Language English Country United States Media print

Document type Journal Article, Multicenter Study, Observational Study

INTRODUCTION: In cases of placenta accreta spectrum, a precise antenatal diagnosis of the suspected degree of invasion is essential for the planning of individual management strategies at delivery. The aim of this work was to evaluate the respective performances of ultrasonography and magnetic resonance imaging for the antenatal assessment of the severity of placenta accreta spectrum disorders included in the database. The secondary objective was to identify descriptors related to the severity of placenta accreta spectrum disorders.
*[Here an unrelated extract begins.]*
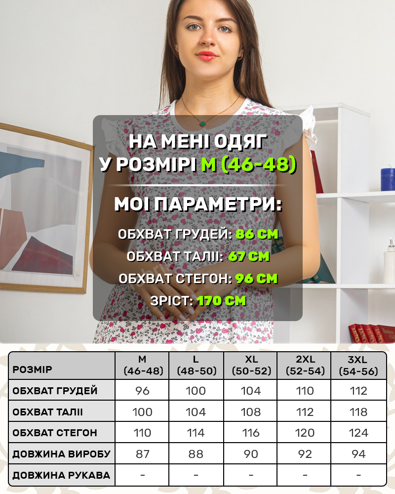 Матеріал: бавовна 100%, квітковий принт, середньої довжини. Жіноча нічна сорочка з якісної трикотажної бавовняної тканини приємна на дотик і до тіла, в ній дуже комфортно і зручно, вибираючи розмір, дивіться на розмірну сітку нижче
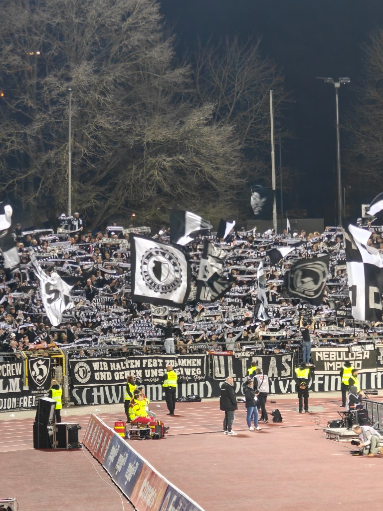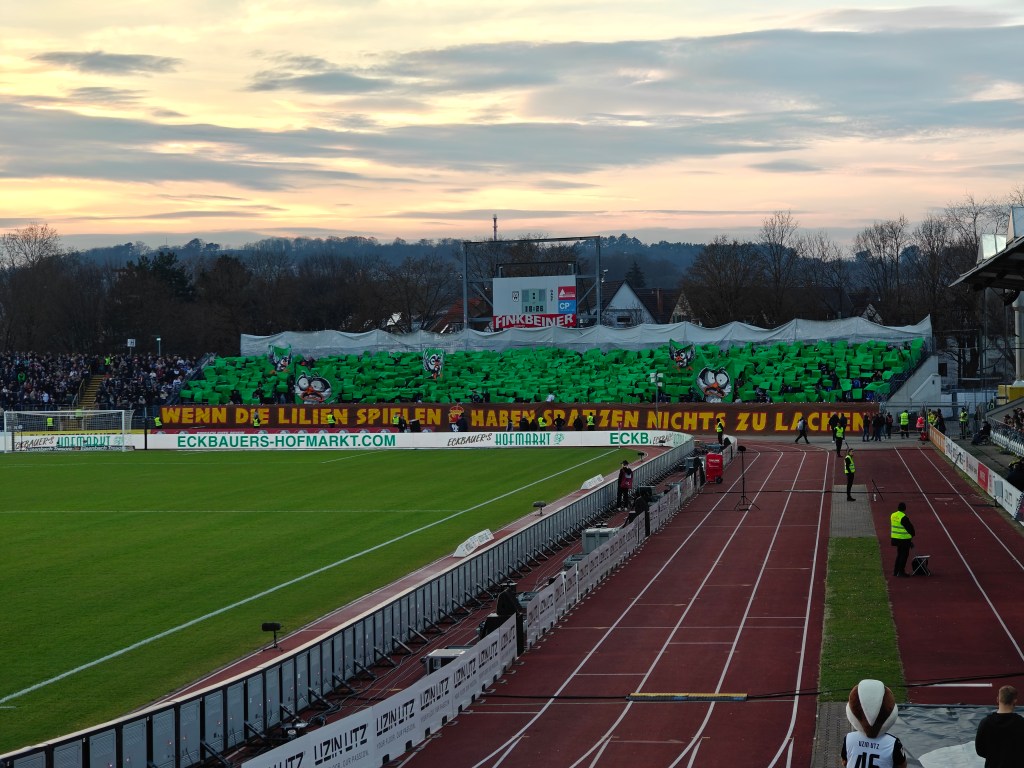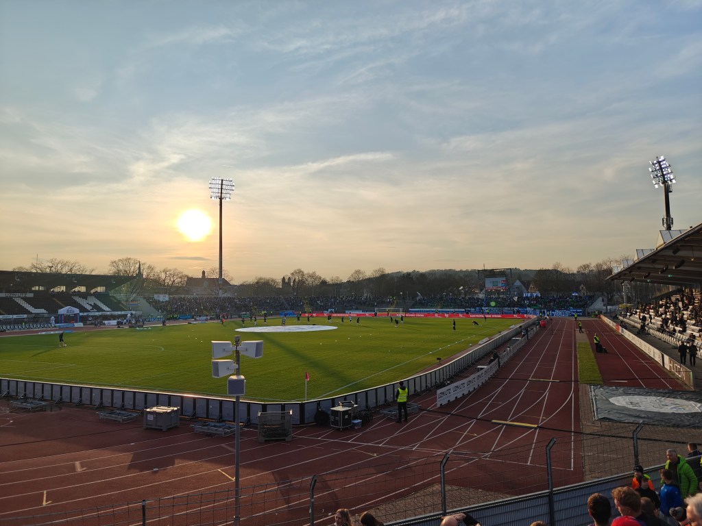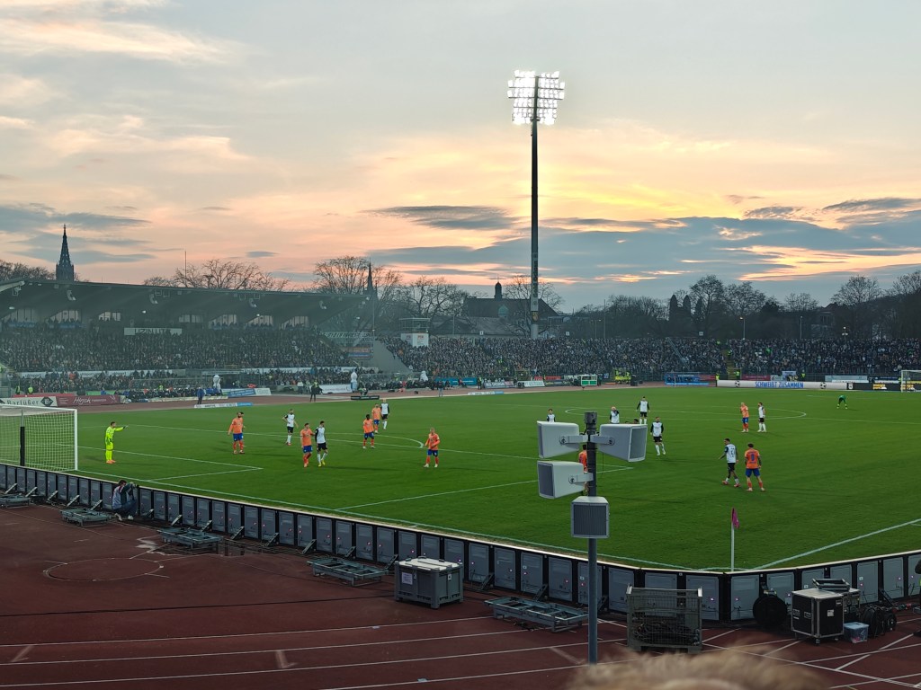 Ulm Donaustadion perjantai 28.3.2025 klo 17:30. Donaustadion eli Tovana-stadion on saaanut nimensä vieressä virtaavan joen mukaan. Se on rakennettu vuonna 1925 eli se täyttää tänä vuonna pyöreät 100 vuotta. Ihan samalla kentällä ja samoilla katsomoilla ei toki tällä hetkellä pelata, mutta sijainti sekä historia ei ole muuttunut mihinkään. Aikaisimmilla kausilla 3. Ligassa pelatessaan joukkue on joutunut talvikuukausina lähtemään evakkoon, koska stadion ei ole saanut pelilupaa jalkapalloliitolta. Tällä kaudella fasiliteetteja on parannettu, joten nyt Ulm saa nauttia kotikentästään koko kauden. Vahvasti kasarihenkinen stadion vetää reilut 17 000 katsojaa, joista seisomapaikkoja on 10 000. Kaudella 2024-2025 yleisökeskiarvo on ollut vähän yli 15 000, joka viitisen tuhatta enemmän kuin edelliskaudella 3. Ligassa. Ulm vetää siis yli 10 prosenttia kaupungin väestöstä pelipäivänä stadionille.

MATERIAL AND METHODS: All the cases included in the database for which antenatal imaging data were available were analyzed. The rates of occurrence of each ultrasound and magnetic resonance imaging descriptor were reported and compared between the Group "Accreta-Increta" (FIGO grades 1 & 2) and the Group "Percreta" (FIGO grade 3). RESULTS: Antenatal imaging data were available for 347 women (347/442, 78.5%), of which 105 were included in the Group "Accreta - Increta" (105/347, 30.2%) and 213 (213/347, 61.4%) in the Group "Percreta". Magnetic resonance imaging was performed in addition to ultrasound in 135 women (135/347, 38.9%). After adjustment for all ultrasound descriptors in multivariate analysis, only the presence of a bladder wall interruption was associated with a significant higher risk of percreta (Odds ratio 3.23, Confidence interval 1.33-7.79). No magnetic resonance imaging sign was significantly correlated with the degree of severity. CONCLUSIONS: The performance of ultrasound and magnetic resonance imaging to discriminate mild from severe placenta accreta spectrum disorders is very poor. To date, the benefit of additional magnetic resonance imaging has not been demonstrated.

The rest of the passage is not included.